Past climate and people
In these climatically uncertain times, its worth looking at how our ancestors responded to change. If we want to investigate this theme, arguably the best interval of time worth probing is the last 11,500 years: a period rich in archaeological remains and synonymous with the development of agriculture and the emergence of civilisation. Although it makes a lot of sense that the conditions had to be stable enough for these advances to be made, we now know that significant climatic changes took place throughout this period. If we can get a handle on what effect these had, we should get an idea of how to deal with the changes predicted for the future.
One particularly impressive study has just been reported on east Saharan archaeological sites (DOI: 10.1126/science.1130989). Looking at nearly 500 radiocarbon ages from 150 sites and comparing the results to climate reconstructions for the region, researchers have been able to show that there was very little human occupation of the Sahara at the end of the last ice age because of the extremely arid conditions. Things changed abruptly 8500 years ago when increased monsoonal rainfall caused a greening of much of the desert; prehistoric peoples rushed in to exploit the resources that suddenly became available. This rich landscape seems to have persevered for a few thousand years, but it all turned sour when the rains started to fail. 5300 years ago, the monsoon became less effective at penetrating the Sahara and the desert began to expand. The result was that many people slowly migrated south into northern Sudan, following the retreating monsoon. Migration was the key; the mantra was keep with the rains and you should be right. The Nile valley was one of the few refugees left beyond the retreating monsoon; the sudden settlement and development of the pharaohs civilization along the Nile looks like it happened when people could no longer survive the full desert conditions around 3500 years ago.

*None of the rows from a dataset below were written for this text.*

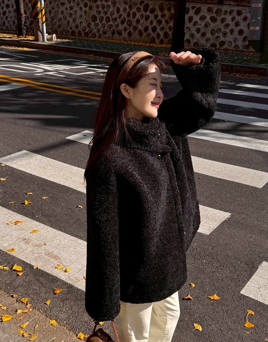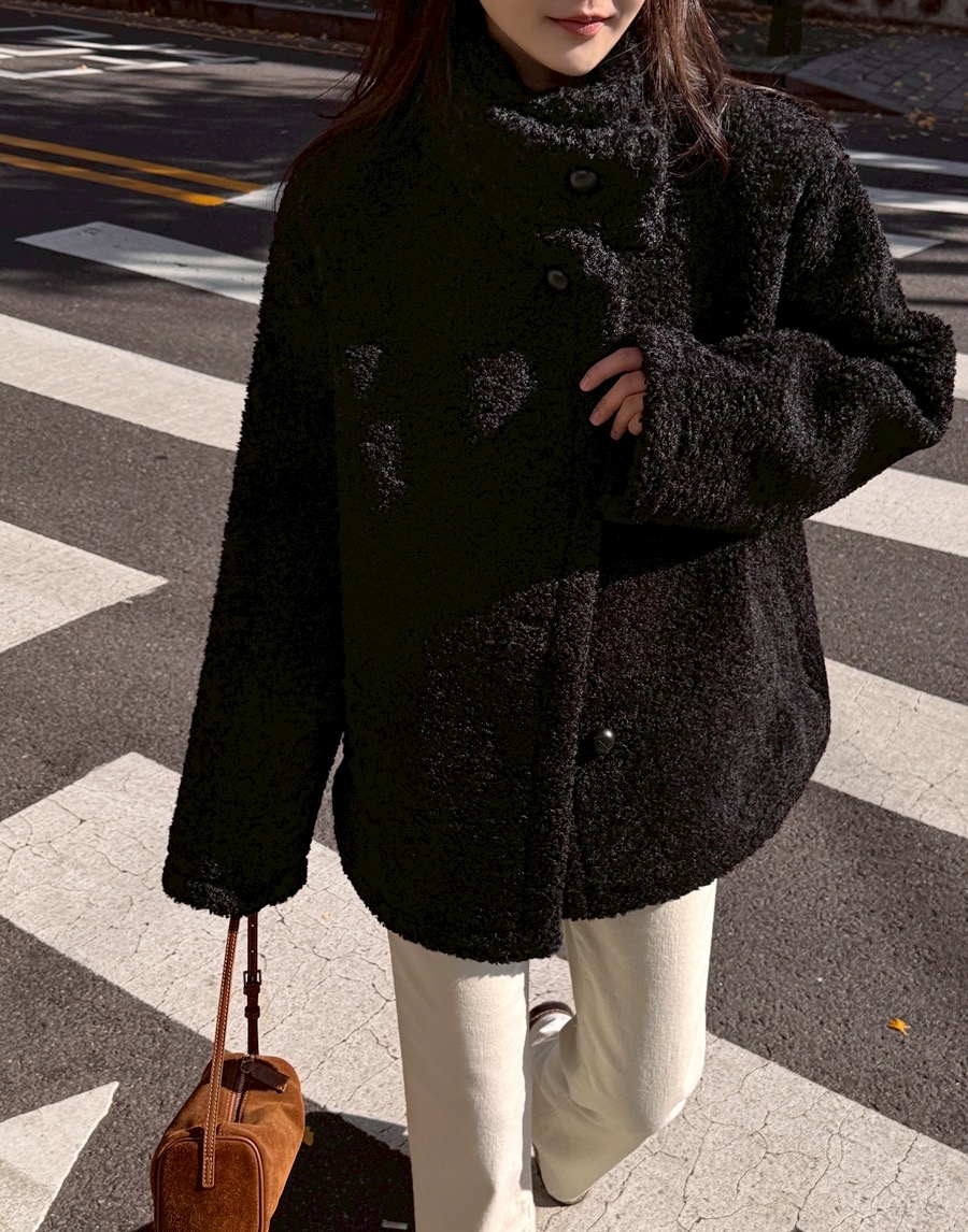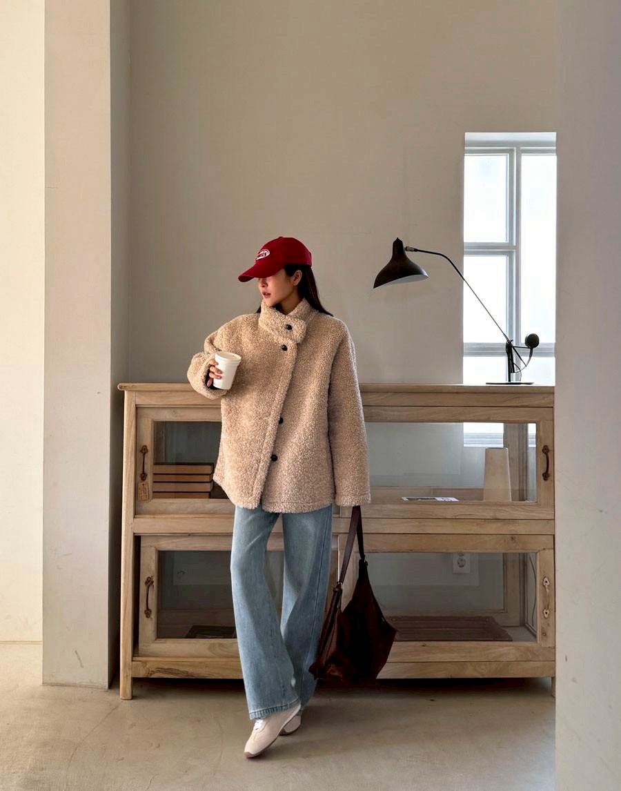 後口袋磨毛滾邊內刷薄毛直筒牛仔褲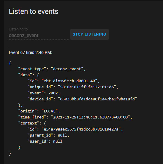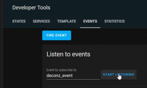 In den Developer Tools, kann im Reiter „EVENTS“ beobachtet werden, welche Geräte eine Aktion auslösen, beispielsweise beim Drücken auf einen Taster:
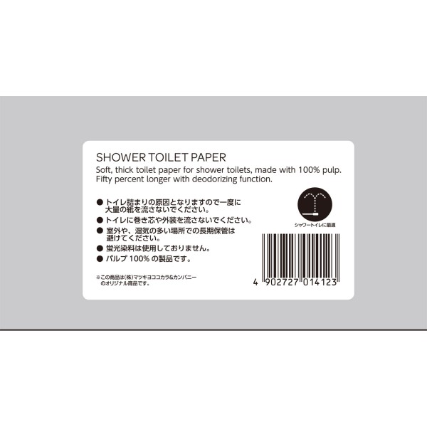 パルプ100パーセントのふんわり厚手シャワータイプのトイレットペーパーです。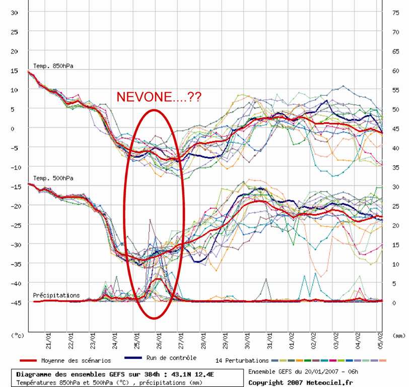 2:Formzione di un minimo che richiama aria umida dal tirreno, con sovrascorrimento di aria leggermente più calda su quella fredda preesistente e venti al suolo orientali...in pratica la configurazione perfetta per la neve in Umbria. Rischiano Terni, Narni e Orvieto, anche se con quelle correnti al suolo la vedo bene anche per loro...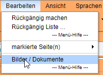 Über Bearbeiten - Bilder / Dokumente gelangen Sie zu einem Dialog, der Ihnen links bereits geladene Bilder zeigt, und mittig die Option, Dateien hochzuladen.

|Quarrying in the Egyptian desert|
If we go further north, we can look at an impressive reconstruction of past climate based on fossil Irish bog oaks that overlap in time and stretch back year by year for 7468 years. Over some 30 years, researchers at Queens University Belfast have done backbreaking work, extracting oaks buried in bogs across Northern Ireland. Over this time, the research group found there were curious periods when hardly any of the trees seemed to grow at all. Other times seemed to show a tree-like Utopia where even boggy environments could be colonized: the population soared. When I was in Belfast, we looked at this more closely and realized that there was a climate signal in this variability (Journal of Quaternary Science; DOI: 10.1002/jqs.927). During times of lots of trees, the climate was dry enough that they could move onto the bogs and flourish. When it got too wet and the water tables on the bogs rose, the trees died and no saplings could get established: the numbers crashed. Because of Irelands position on the western seaboard of Europe, its climate is highly sensitive to what’s happening in the North Atlantic. If the ocean sneezes, Ireland catches a cold. When the Atlantic was spluttering in the past, the trees seemed to show the land was verging on pneumonia. But if there were times in the past when the trees weren’t happy, how did the Irish people feel?

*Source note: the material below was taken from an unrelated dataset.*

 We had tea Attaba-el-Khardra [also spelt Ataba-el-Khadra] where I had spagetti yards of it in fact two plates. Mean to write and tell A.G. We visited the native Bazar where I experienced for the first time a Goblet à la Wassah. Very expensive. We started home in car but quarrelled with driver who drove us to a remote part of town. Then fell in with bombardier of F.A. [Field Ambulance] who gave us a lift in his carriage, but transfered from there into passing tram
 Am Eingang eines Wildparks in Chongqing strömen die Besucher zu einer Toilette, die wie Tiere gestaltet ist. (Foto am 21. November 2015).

The Irish archaeological record has over 450 radiocarbon ages for forts, crannogs (homes built on artificial islands on lakes and in marshes) and settlements. We converted these ages to calendar dates so we could directly compare when the structures were being built to the climate signal preserved by the trees (Journal of Archaeological Science, DOI: 10.1016/j.jas.2005.05.014). What we found stunned us. Refuges were constructed when the climate took a dive. Almost without fail, when times got bad, people would congregate together in permanent locations, defending what little food and other resources they had.
Scenarios for climate change suggest a potentially worse future than that with which our ancestors had to contend. Will we be able to manage mass migrations of people? Can we respond more sensibly than waging war on our neighbours to steal what little they have? I hope so.
The past is the key to the future and we need all the time we can get to see it.